L’ospite che divide

(5 Giu 07)

Lucia Annunziata
La destra lo desidera, molti dentro il centrosinistra cominciano magari ad augurarselo, ma in verità l’unico soggetto politico che oggi potrebbe davvero staccare la spina al governo Prodi è l’area della sinistra radicale. E la tentazione è lì, a portata di mano.

Ieri il premier è stato contestato nell’ultimo dei luoghi dove sarebbe dovuto accadere: nelle aule in cui si sta svolgendo il Festival dell’Economia di Trento, un evento diventato, al suo secondo anno, un esempio di quanto grande sia lo spazio in Italia per luoghi dove si discute con serietà di cose serie. Il Comitato scientifico è coordinato da Tito Boeri, economista che guida anche l’agguerrito gruppo di esperti raccolto intorno al sito La voce.info. Fra gli ospiti, il fior fiore dell’intellighentsia del Paese.

Trento è dunque per definizione e aspirazione un evento pensoso e prestigioso, molto incline – senza esserlo passivamente – al centrosinistra. Insomma, un posto dove il premier del governo attuale, per altro professore a pieno titolo, avrebbe dovuto arrivare come per una passeggiata. Invece c’è stata la contestazione, una protesta la cui radice di sinistra è stata messa ben in chiaro dalla signora che è salita sul palco e che si è presentata dicendo: «Sono una delle persone che l’ha votata e che si è sentita tradita».

Non è la prima volta che accade e i fischi ai premier sono davvero il sale della democrazia. Ma qualcosa distingue l’episodio di ieri da altri precedenti: la tempistica. La protesta di Trento apre una settimana in cui lo scontro fra il governo e la sua parte di forze politiche radicali – Rifondazione, Verdi, Comunisti – si materializzerà senza sottigliezze.

La visita del presidente americano George Bush a Roma, l’8 e il 9, obbligherà infatti il centrosinistra a confrontarsi con tutti gli argomenti su cui esistono, al suo interno, una divaricazione massima e un’inconciliabilità totale: la pace, la guerra, il rapporto con gli Stati Uniti, il nostro impegno all’estero in termini di uomini e progetti, in Afghanistan come in Libano o in Europa. Temi su cui si è verificata l’unica crisi di governo e di cui dunque non è ingenuo pensare che si ripresenteranno con il massimo di passione ideologica e una buona quota di rancore mal digerito.

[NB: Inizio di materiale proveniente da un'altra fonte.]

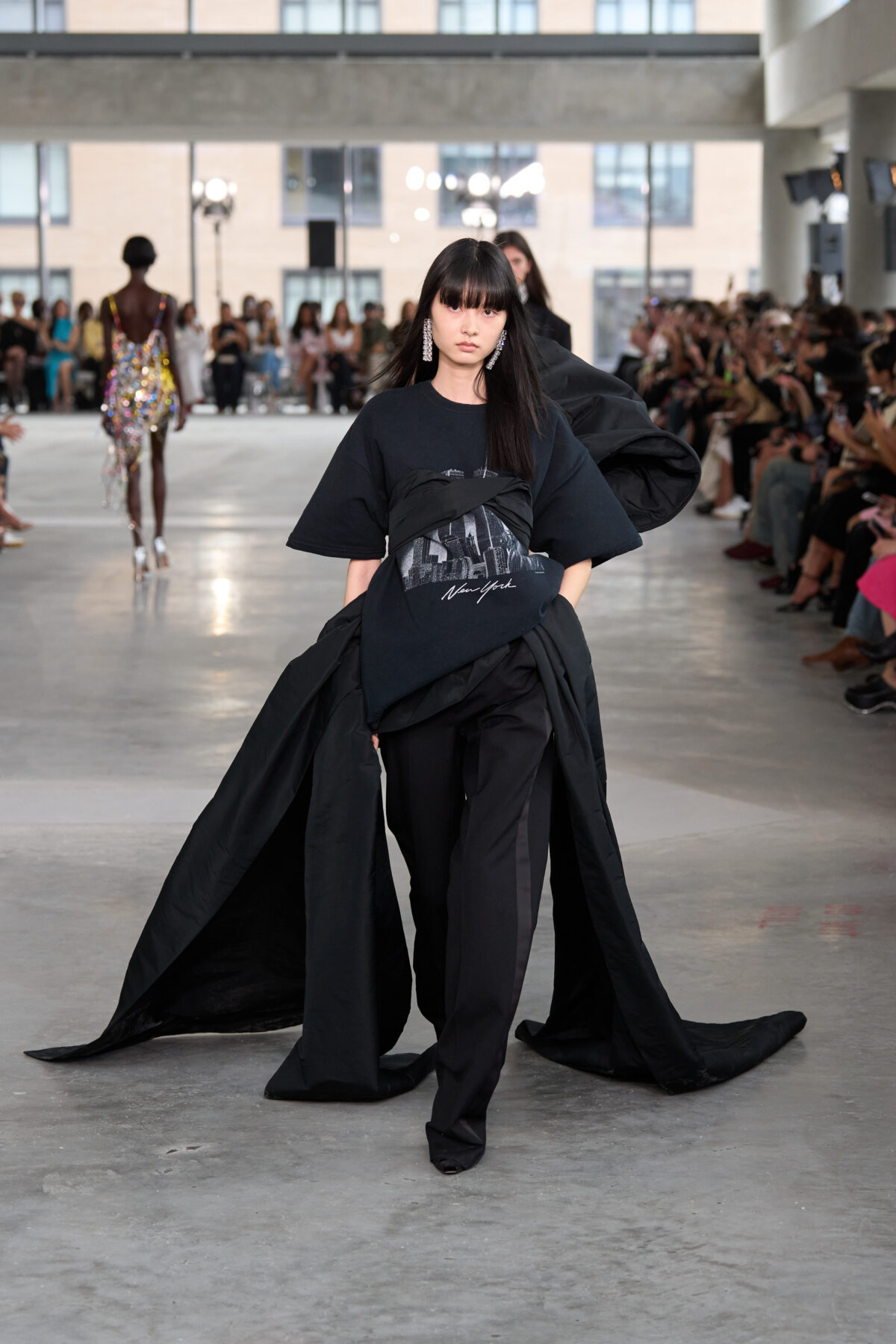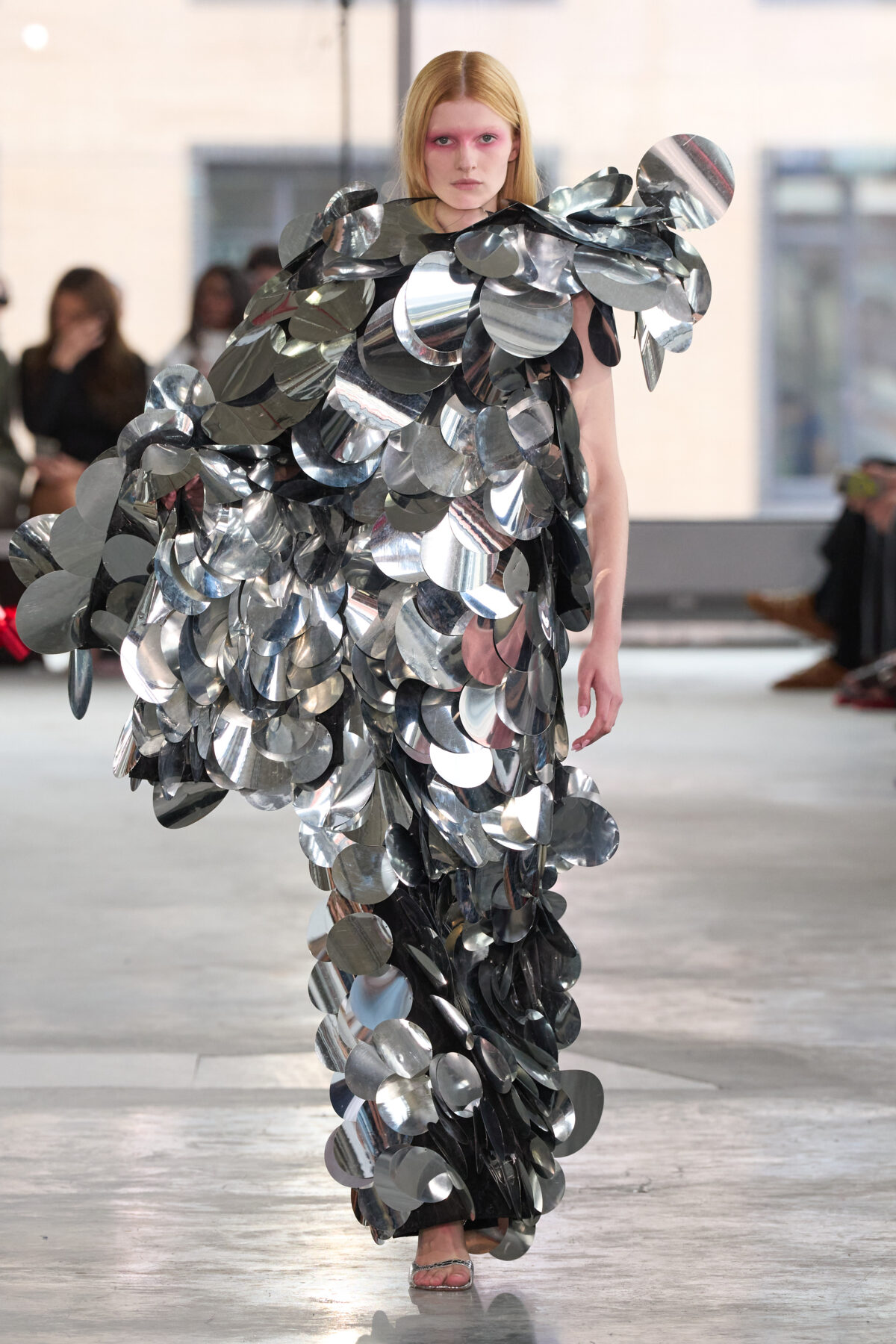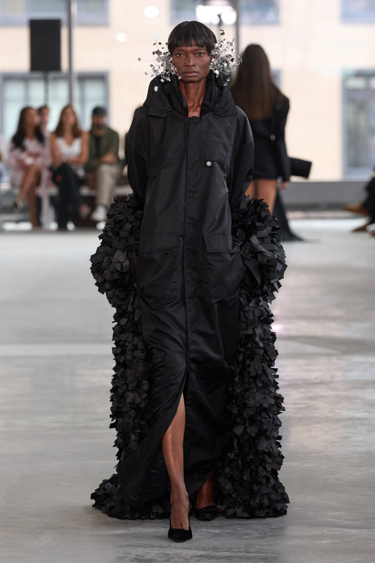 It is Aburn’s “open to whatever attitude” that made this collection a standout. As the show progressed, the marching band soundtrack got louder and reached its crescendo as models stepped out in “gowns” made entirely from colorful tinsel, larger-than-life silver sequins, and confetti galore. It was simply joyful; the cherry on top of a confident debut that brought a sense of fun—dare we even say whimsy?—to New York fashion.
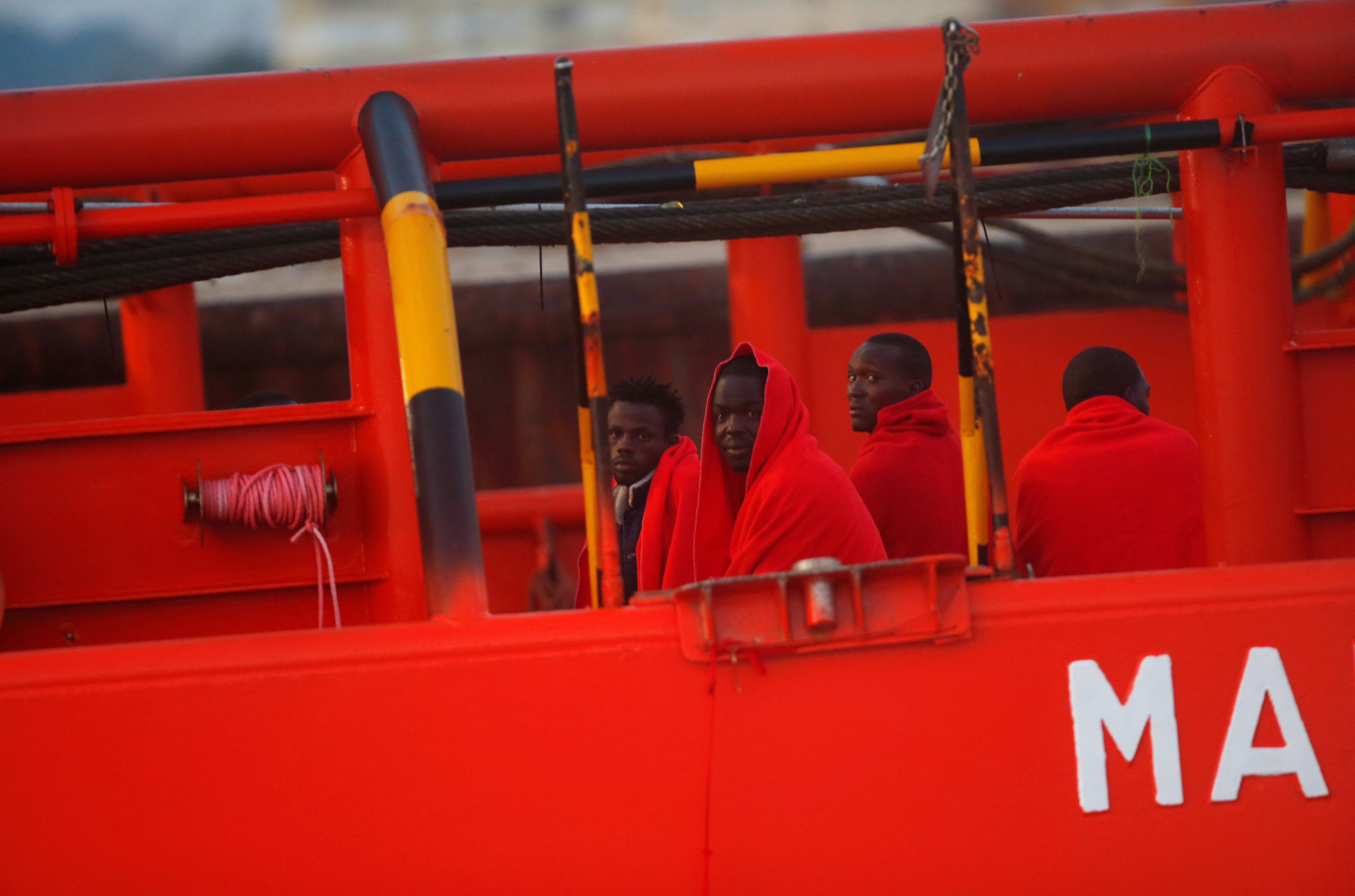 Migranter som er blitt hentet opp fra en gummibåt i Gibraltarstredet, befinner seg ombord på det spanske redningsfartøyet «Maria Zambrano», som legger til kai i San Roque ikke langt fra Algeciras den 10. august 2018. Foto: Jon Nazca / Reuters / Scanpix.
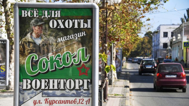 Вывеска оружейного магазина «Сокол» в Керчи, в котором, предположительно, купил патроны Владислав Росляков. Источник Лайфа в Росгвардии рассказал, что Росляков собрал все необходимые медицинские справки, прошёл курс безопасного обращения с оружием.
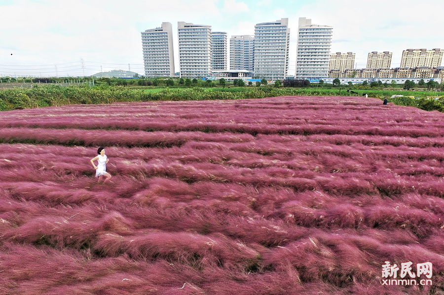 近日,上海松江廣富林路上有一片“粉色花!,花海主體為粉黛亂子草,面積約60畝,單獨一株粉黛亂子草并不起眼,可一旦連成片,就如同粉色云霧一般,遠遠望去,宛如仙境。新民晚報 張龍 攝
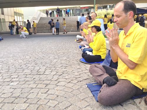 还有一些人,包括做教师的尚塔尔(Chantal)女士,第一次经过时接过真相传单,阅读了解真相后专门赶回来签字谴责迫害。
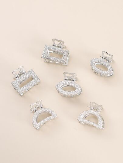 6 件金属迷你几何发夹,适合女士日常派对金色头饰发夹发夹发夹发夹,学校用品,学院秋冬发夹发饰,适合女士度假装扮 - 銀色 - 查看 1
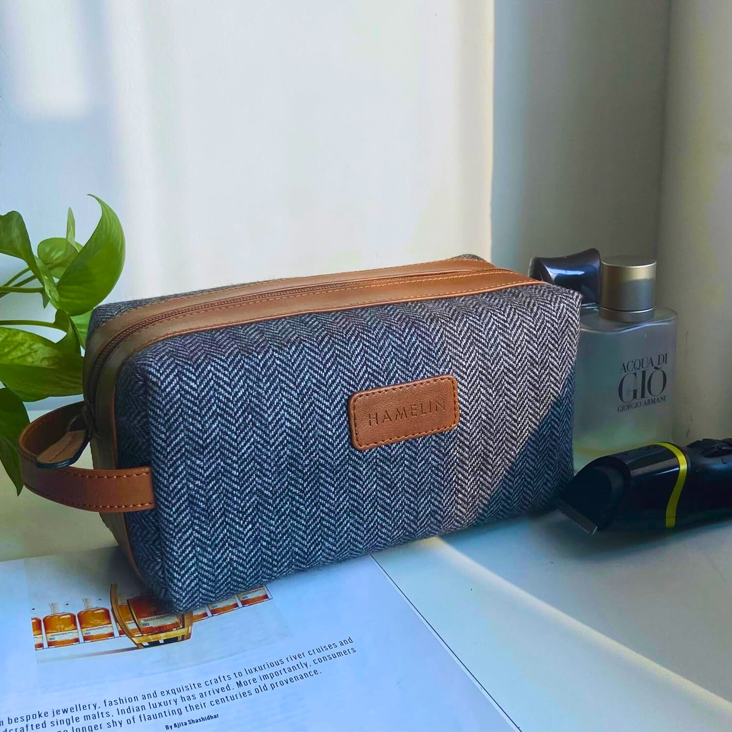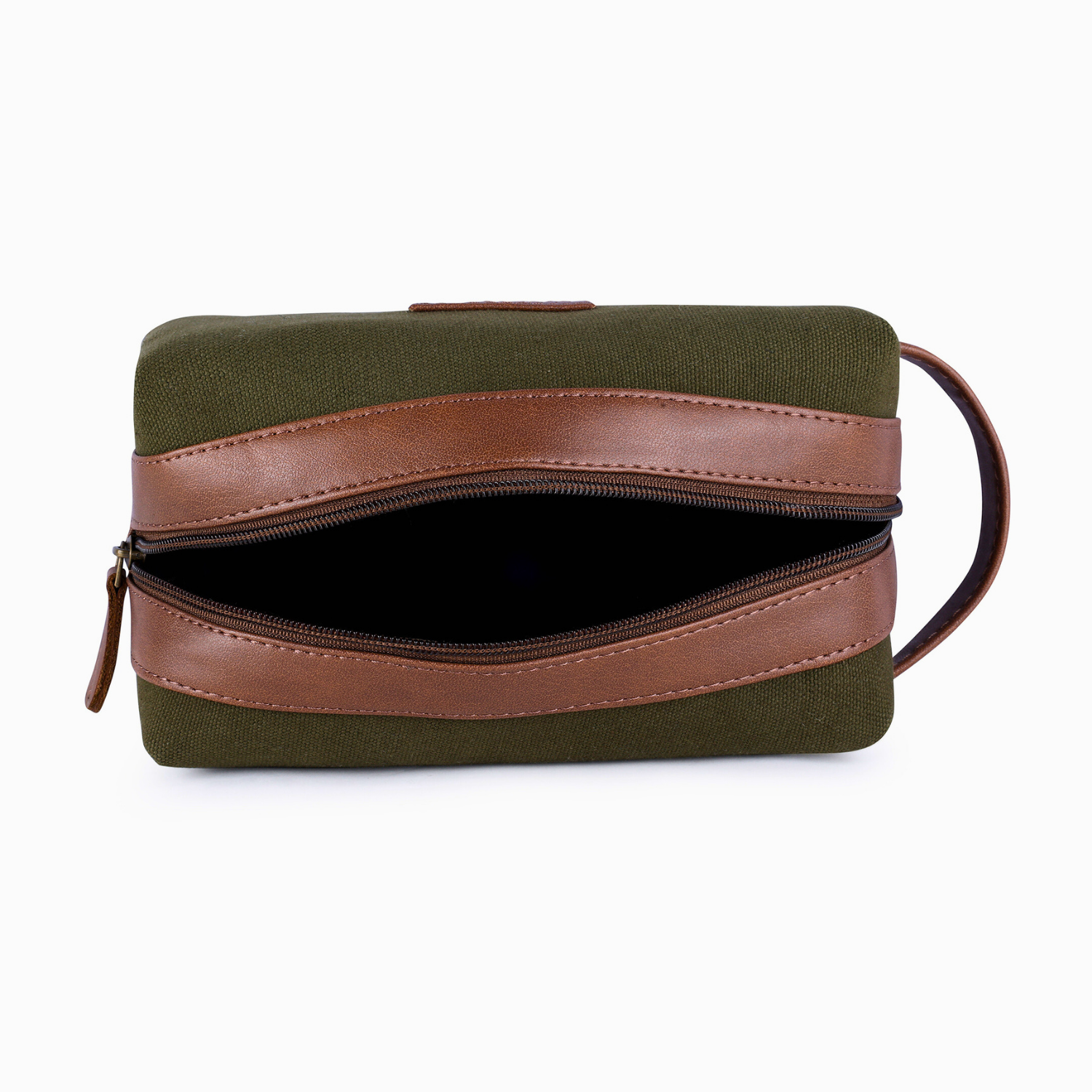 Canvas and vegan leather toiletry kit, or DOPP kit, perfect for anyone on the go.
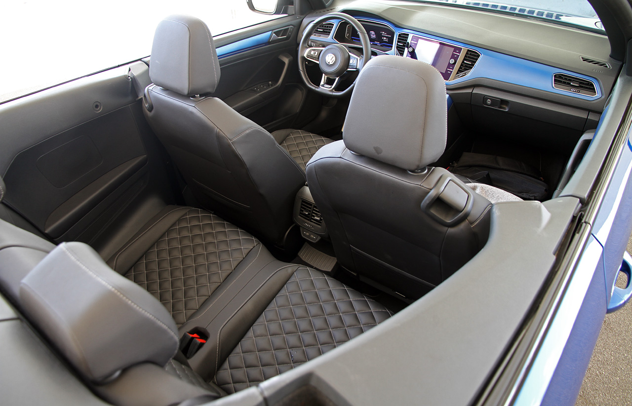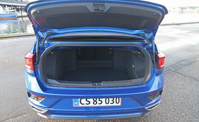 Beskyttelse mod vind og vejr når kalechen er nede er afgørende i en cabriolet – ellers beholder du bare ’kluden’ på. Her skuffer T-Roc Cabriolet ikke: Elmotorer kører kalechen op og ned på få sekunder, og den relativt stejle forrude yder fin beskyttelse mod vinden. I hvert fald når du benytter den læskærm, som placeres henover bagsæderne lige bag forsæderne. Du kan roligt lade skærmen være på, for pladsen på bagsædet er yderst begrænset. Det samme gælder pladsen i bagagerummet, der næsten er halveret til beskedne 280 liter. Til gengæld sørger den høje bagdel for, at åbningen er relativt stor. Men pas på ryggen, for alle varer skal ind og ikke ned i bagagerummet.
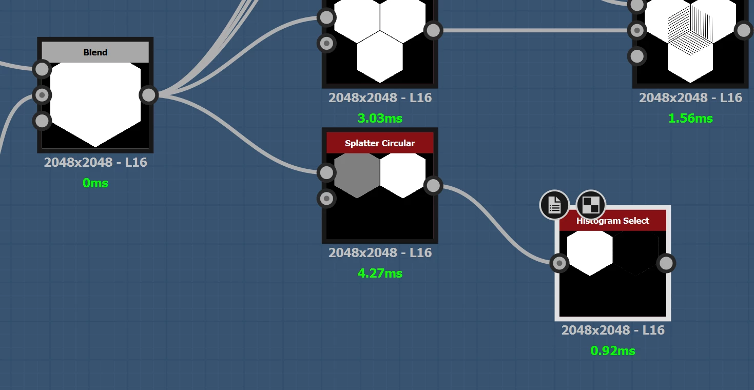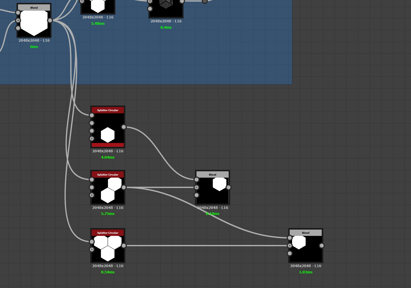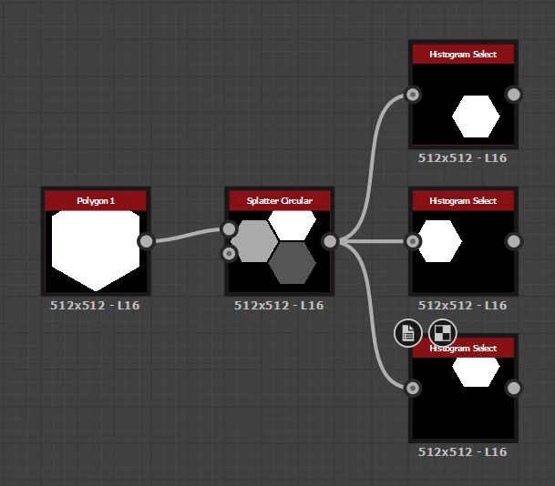 I have a splatter circular with a polygonal shape as input and I repeat that shape 3 times.
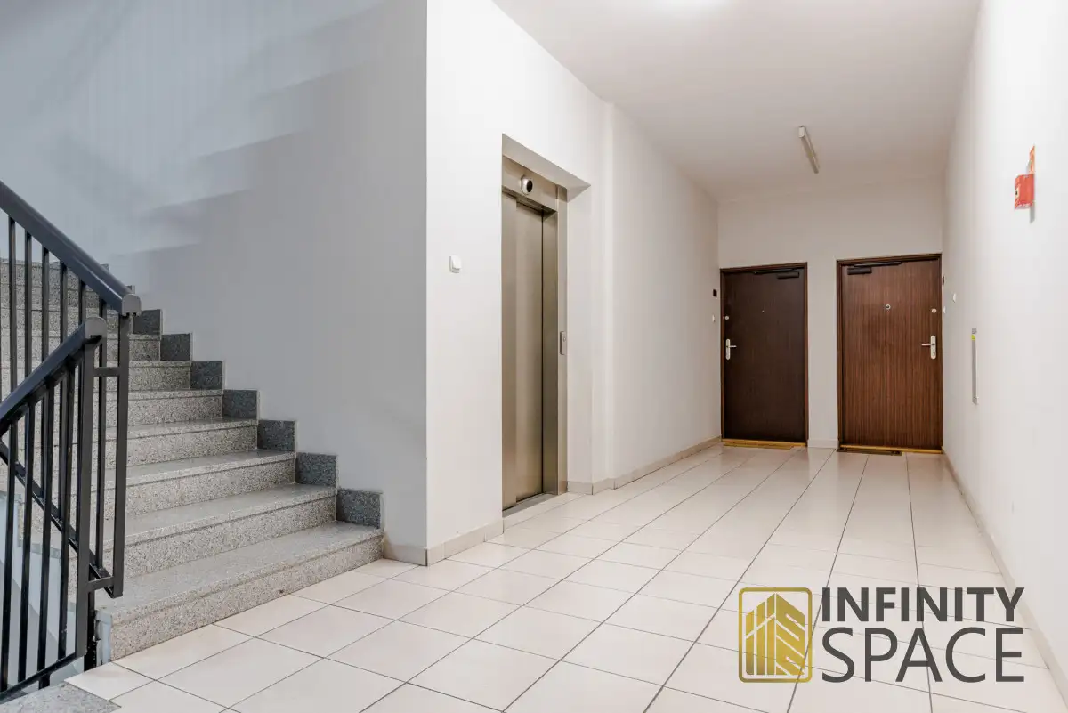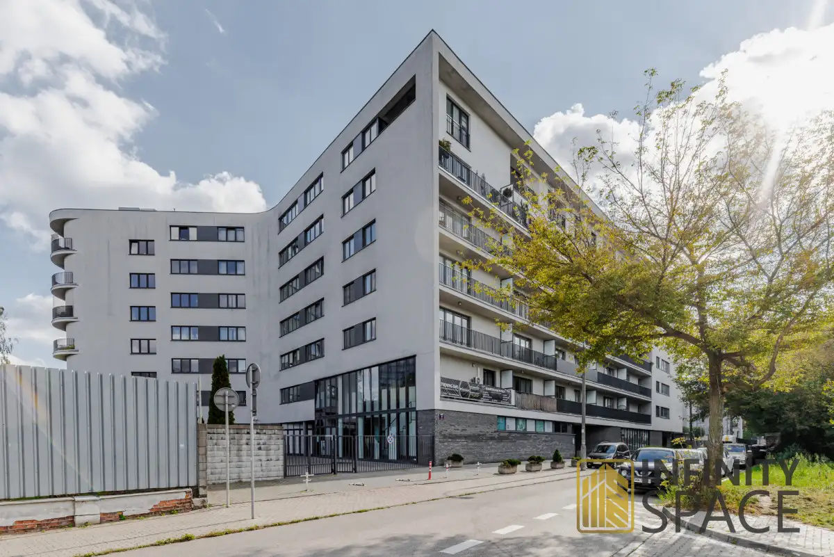 Mieszkanie znajduje się na czwartym piętrze sześciopiętrowego budynku z 2007 roku wybudowanego w bardzo dobrym standardzie z windą. Klatki schodowe są schludne i zadbane. Otoczenie budynku jest pełne zadbanej zieleni. Osiedle jest ogrodzone, posiada ochronę 24h, monitoring, strefy relaksu oraz plac zabaw dla dzieci.

La differenza questa volta si potrà misurare: si materializzerà, come si diceva, nelle manifestazioni di piazza che per la natura delle questioni aperte sarà difficile limitare a qualche migliaio di partecipanti. Così il centrosinistra si dividerà fra chi sarà nei palazzi e chi nelle strade, fra chi andrà all’ambasciata americana e chi griderà «George go home!». Chi sceglierà una opzione e chi l’altra? Decisione complicata, già lacerante quando si è trattato di decidere se sfilare o meno con i precari o con il Family day, ma ben più rischiosa nel caso della politica estera. Se infatti tra piazza e istituzioni si misura di solito la concezione di Stato su cui si fonda una coalizione, in questo caso si misurerà addirittura la collocazione del Paese nelle relazioni internazionali. In scena andrà così – ci pare già di vederla – una Roma attraversata dal lungo corteo delle auto del Presidente americano, mentre nelle strade intorno premono i cortei; seguiremo il percorso a piedi del Presidente nei corridoi del Quirinale dove gli stringeranno la mano Napolitano e D’Alema (e il presidente della Camera?), due ex comunisti, mentre da un angolo degli schermi si vedranno manifestanti che innalzano un pupazzo di Bush con le mani insanguinate. Come recupererà il governo una tale pubblica, estrema, internazionale esposizione delle proprie divisioni? Basterà poi che in questa differenza si infili un gesto di violenza, una scorribanda che degenera in scontri, un cassonetto bruciato, e la distanza si farà irrecuperabile.

Eccesso di pessimismo? Mentre scriviamo il conto dei feriti negli scontri per il G8, a Rostock, Germania, è già di un migliaio. È lo stesso G8 dove è atteso il Presidente americano. E negli scontri si sono distinti molti italiani.